Is The OLPC Program a Failure? Evidence from a Short Term Research in Peru

By Maria Aguirre

The One Laptop per Child (OLPC) program seeks to improve learning in the poorest regions of the world by providing children with computers for use at both school and home. Since its start, the program has been implemented in 36 countries and has distributed more than 2 million laptops. In Latin America, the initiative began in the last decade, making the largest investment in Peru. However,  recent research conducted by the Inter-American Development Bank (IDB) concluded that the OLPC initiative in this country failed to increase student performance in Math and Language. This post aims to discuss these results and to include analysis from other sources in order to promote a healthy discussion on this topic.

Recently a working paper by the IDB assessed the OLPC program in Peru, the country leading such initiatives in the region. With a tone of social inclusion, this initiative sought to primarily benefit rural, underprivileged communities. Since its inception, nearly a million laptops have been delivered to the students. However, the results according to this research are not encouraging. The document’s objective was to expose the lack of empirical evidence about the effects of ICT programs. The document evaluated the impacts after 15 months of implementation of the program, using a randomized control trial. The main result indicates an increase in the number of computers per student; yet, it finds no evidence of improvements in the enrollment or test scores in Math and Language.

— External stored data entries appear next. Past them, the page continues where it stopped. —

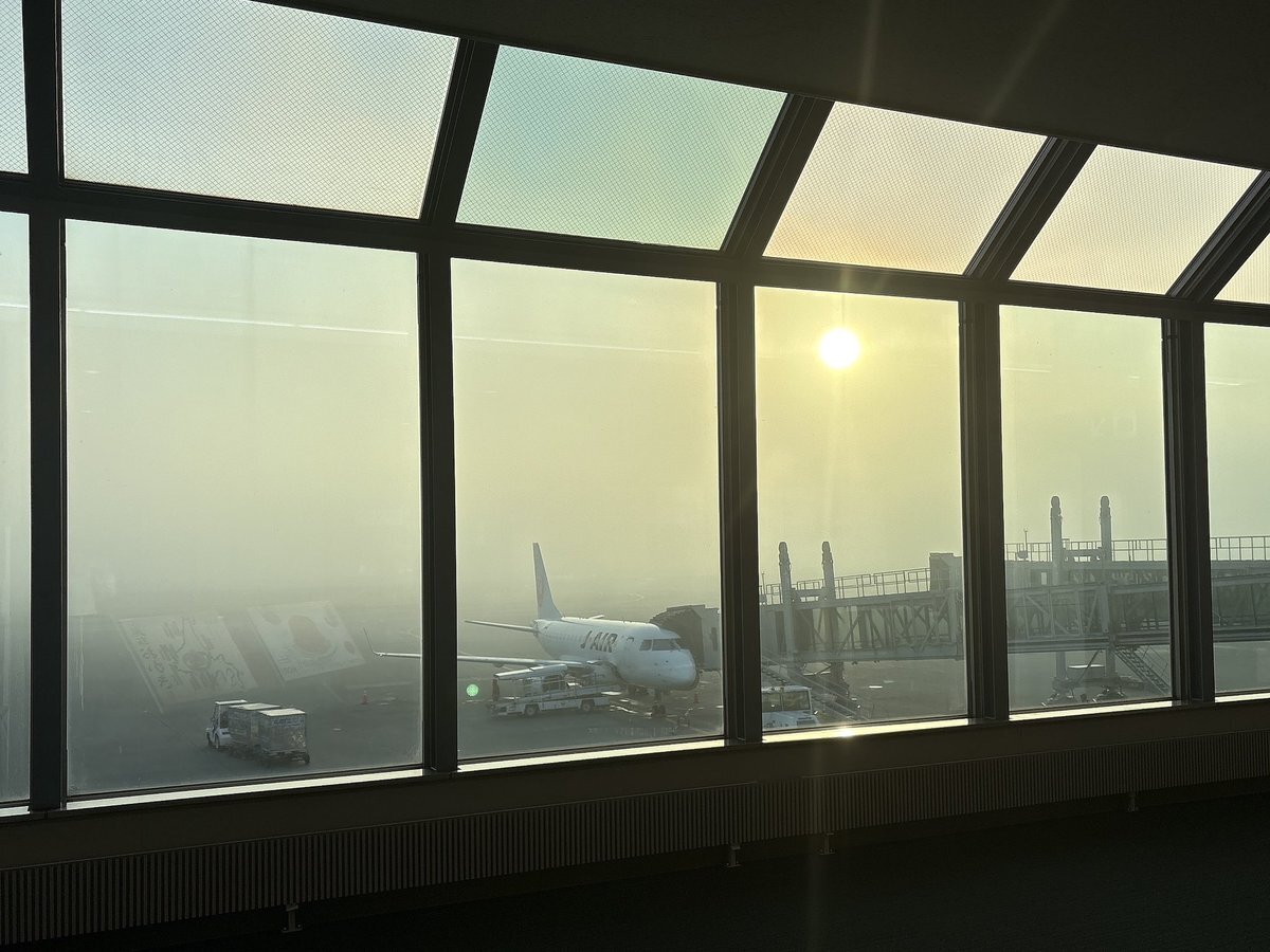 おはようございます 今朝は驚きの白さw 霧がすごい💦 にょっき〜も見えないよ いつの間にか空港はXmas🎄気分に(≧▽≦) 今日も良き1日を☆。.:*・゜ #イマソラ #新千歳空港 #見えないにょっき〜 pic.x.com/cDXlhx9DH2
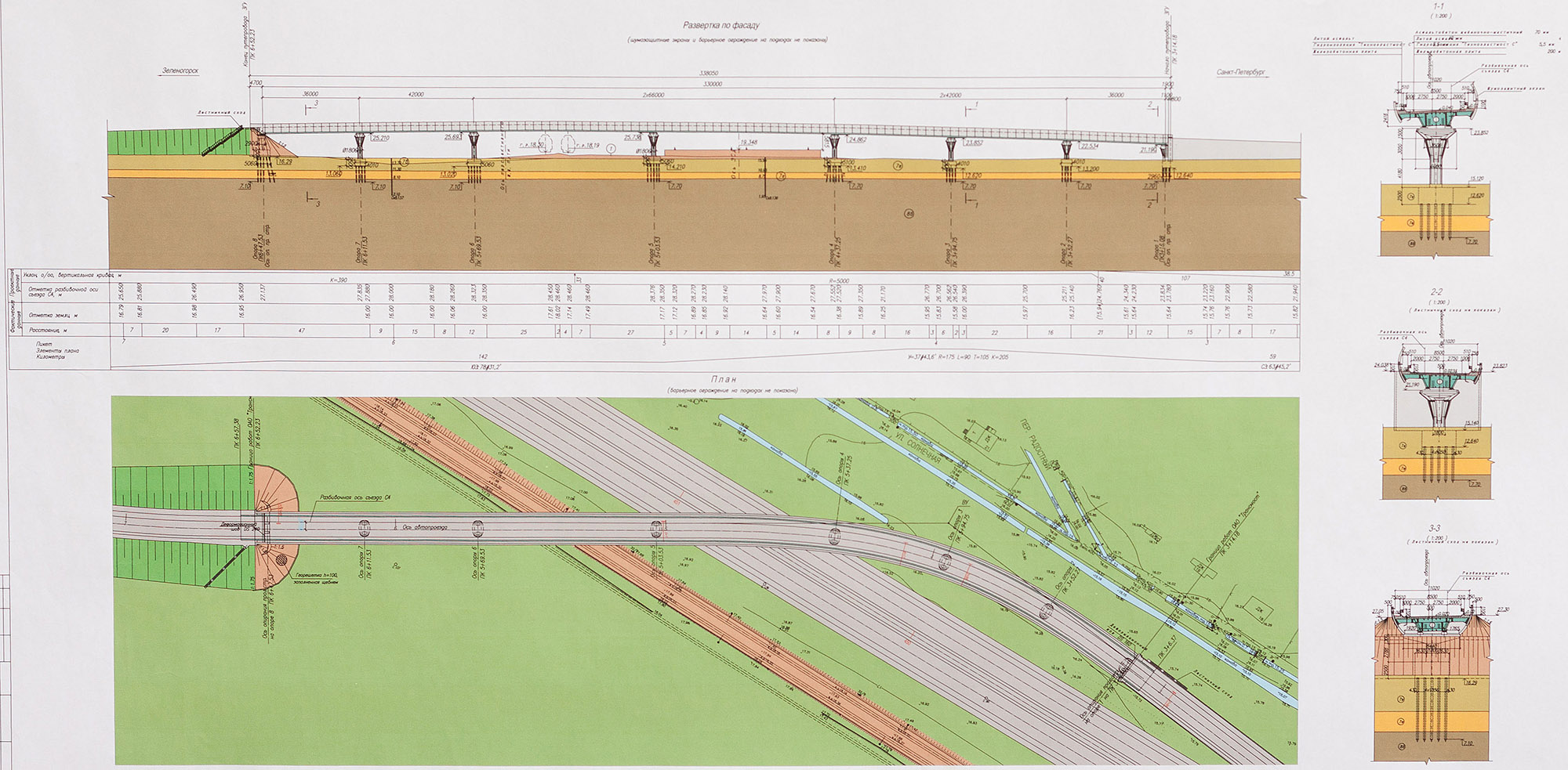 В месте расположения будущих опор моста через Сестру и далее над Александровским шоссе для определения слоев грунта были пробурены скважины глубиной 40 м. В начале августа, в месте расположения фундамента бывшего финского пограничного вокзала Раяйоки (после боевых действий 1941-1944 г.г. не сохранился), на удалении около 1 км от Сестры в сторону Выборга начал образовываться из вагончиков городок строителей ООО «мостостроительный отряд №48». Основной задачей которых является строительство в Белоострове мостов и виадуков. Городок расположился в 200-х м от будущего участка ЗСД (съезд со Скандинавии).
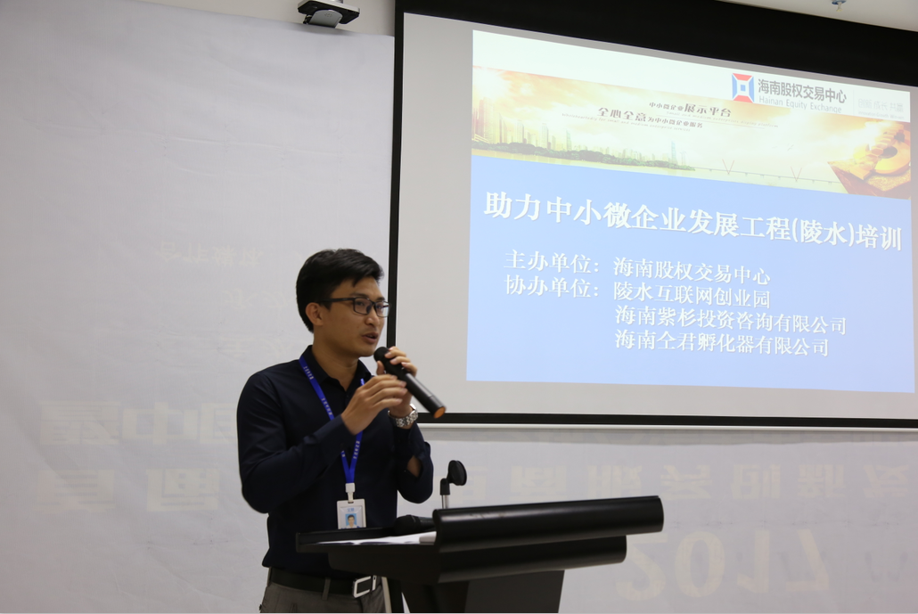 2月20日下午,海南股權(quán)交易中心主辦的“助力中小微企業(yè)發(fā)展工程”系列活動(dòng)——陵水站成功舉辦。本次活動(dòng)在陵水互聯(lián)網(wǎng)創(chuàng)業(yè)園、海南仝君孵化器有限公司、海南紫衫投資咨詢有限公司共同協(xié)辦下舉行,活動(dòng)旨在通過“助力中小微企業(yè)發(fā)展工程”使更多的中小微企業(yè)獲得發(fā)展。海南股權(quán)交易中心副總經(jīng)理程棟才,陵水互聯(lián)網(wǎng)創(chuàng)業(yè)園負(fù)責(zé)人、海南仝君孵化器有限公司運(yùn)營總監(jiān)陳烈,中國股權(quán)激勵(lì)研究院海南分院院長、深圳華一世紀(jì)海南分公司總經(jīng)理李瑞,海南銀行陵水支行、屯昌縣農(nóng)村信用社,以及50家企業(yè)家代表參加此次培訓(xùn)。
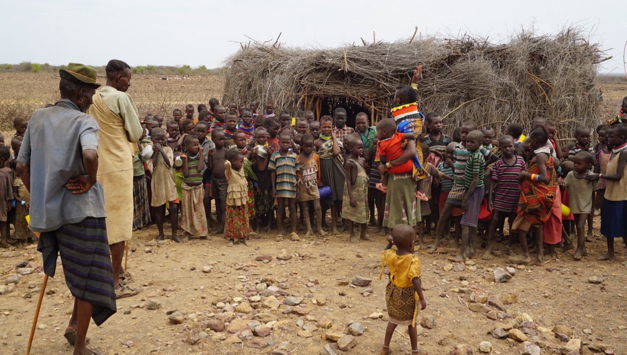 Mr Akuta pekar på ett antal yngre barn i skaran som omger oss och säger: Hade inte ni kommit så snabbt i fjol med er hjälp så hade dessa barn inte levt idag. Vi är väldigt tacksamma!

Oscar Becerra, the person who was in charge of implementing the OLPC program from the Peruvian Ministry of Education, says in an article that “the effect is neither magic nor fast” but “it is a combination of interventions that will have long-term effects”. Becerra also points out that Peru usually suffers from the “vicious tradition” among politicians to stop their predecessors’ initiatives and start something new, regardless of the previous project’s success; yet, this was successfully prevented in the case of the OLPC program. Moreover, according to the document, the only positive result reflects a significant change in the development of cognitive skills, According to a separate blog entry posted by the IDB is a result entirely overlooked by the IDB study.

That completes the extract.